◆ What to do: Since the copy must hold text only, transcribe the data below exactly and omit the images.
*** Provided material Section Begins ***
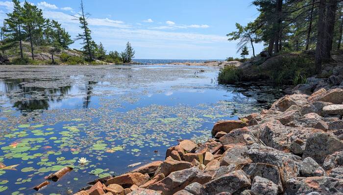 This pond would empty into Georgian Bay (in the background), if it weren't for a strategically placed beaver dam
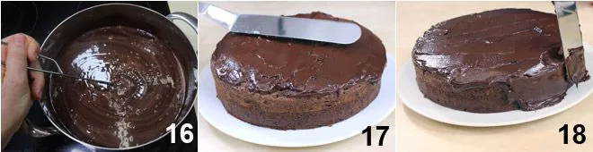 The mud cake can be served as is or covered with a chocolate ganache: heat the cream in a saucepan and when it almost reaches a boil, turn off the heat, add the chopped dark chocolate, and stir with a whisk to melt the chocolate 16. Pour the ganache into a fairly wide container and place it in the refrigerator to cool, stirring occasionally, until it reaches a 'spreadable' consistency. At this point, spread it on the mud cake and smooth it with a spatula on the surface 17 and the sides 18. If desired, you can also create ganache tufts for decoration. Your mud cake is ready!
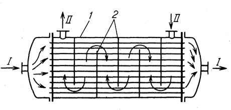 Кожух; 2-перегородки; I и II - теплоносители
*** Provided material Section Ends ***
◆ Answer to this problem:
 This pond would empty into Georgian Bay (in the background), if it weren't for a strategically placed beaver dam
 The mud cake can be served as is or covered with a chocolate ganache: heat the cream in a saucepan and when it almost reaches a boil, turn off the heat, add the chopped dark chocolate, and stir with a whisk to melt the chocolate 16. Pour the ganache into a fairly wide container and place it in the refrigerator to cool, stirring occasionally, until it reaches a 'spreadable' consistency. At this point, spread it on the mud cake and smooth it with a spatula on the surface 17 and the sides 18. If desired, you can also create ganache tufts for decoration. Your mud cake is ready!
 Кожух; 2-перегородки; I и II - теплоносители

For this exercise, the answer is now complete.